Inidcations for prenatal diagnosis in relatives of patients with neural tube defects

Abstract

We have reviewed the family histories of children with neural tube defects to determine which relatives are at sufficient risk to be offered amniocentesis for prenatal diagnosis. The recurrence risks for sibs was 6%; therefore, women with one affected child should be made aware of the availability of this test for monitoring subsequent pregnancies. The empiric recurrence risks for various groups of second and third degree relative exceeds 1% only for mothers' sisters' children. The lower values for the other groups may reflect either true biologic differences of reporting biases. Unit the matter is clarified, all sibs of affected children and all sibs of the parents of affected children should be informed of the availability of amniocentesis for monitoring their (or their spouse's) pregnancies.

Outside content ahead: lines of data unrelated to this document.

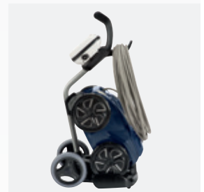
Carro de transporte
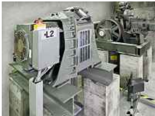
Sicherheit inklusive. Das neueste Dreifach-Bremssystem.

Kompakt, effizient und sicher. Die nächste technische Entwicklungsstufe: Der DR PMS 400 ersetzt einen alten Antrieb (rechts im Bild).
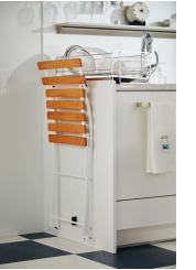
※ご提案プランの仕様と異なる場合があります。

PIP: To assess the risk for 2nd- and 3rd-degree relatives of patients with open neural tube defects and thereby identify appropriate candidates for prenatal diagnosis, the histories of 133 families having at least 1 offspring with anencephaly or spina bifida and 13 having disorders unrelated to neural tube defects were reviewed. Mothers of the affected children had a total of 598 pregnancies yielding 364 full and 13 half sibs (12.5% miscarriage rate). 22 of the full sibs were themselves affected with anencephaly or spina bifida, giving a 6% overall recurrence rate among sibs. This statistic is higher than the 4-5% usually cited, due perhaps to the small sample size or the high prevalence of these disorders in the Quebec population. Previous miscarriage does not seem to be a significant factor in determining recurrence risk. The defect rate among 1st cousins (parents' sibs' children) was 0.7% overall, with the rate for maternal cousins (0.9%) higher than that for paternal cousins (0.5%) and the risk for mothers' sisters' children (1.3%) especially high. There were no cases of neural tube defects among mothers' sibs, but a 0.7% rate among fathers' sibs, giving an overall risk of 0.4% for 2nd-degree relatives. This finding is striking since recall biases and a maternal effect should enrich the sample for affected sibs of the mother. It is concluded that although the recurrence risk exceeds 1% (the current criteria for candidates for prenatal testing) only for mothers' sisters' children, all 2nd- and 3rd-degree relatives should be given the option of amniotic AFP testing until it can be determined whether the lower risk values for other groups reflect true biologic differences or reporting biases.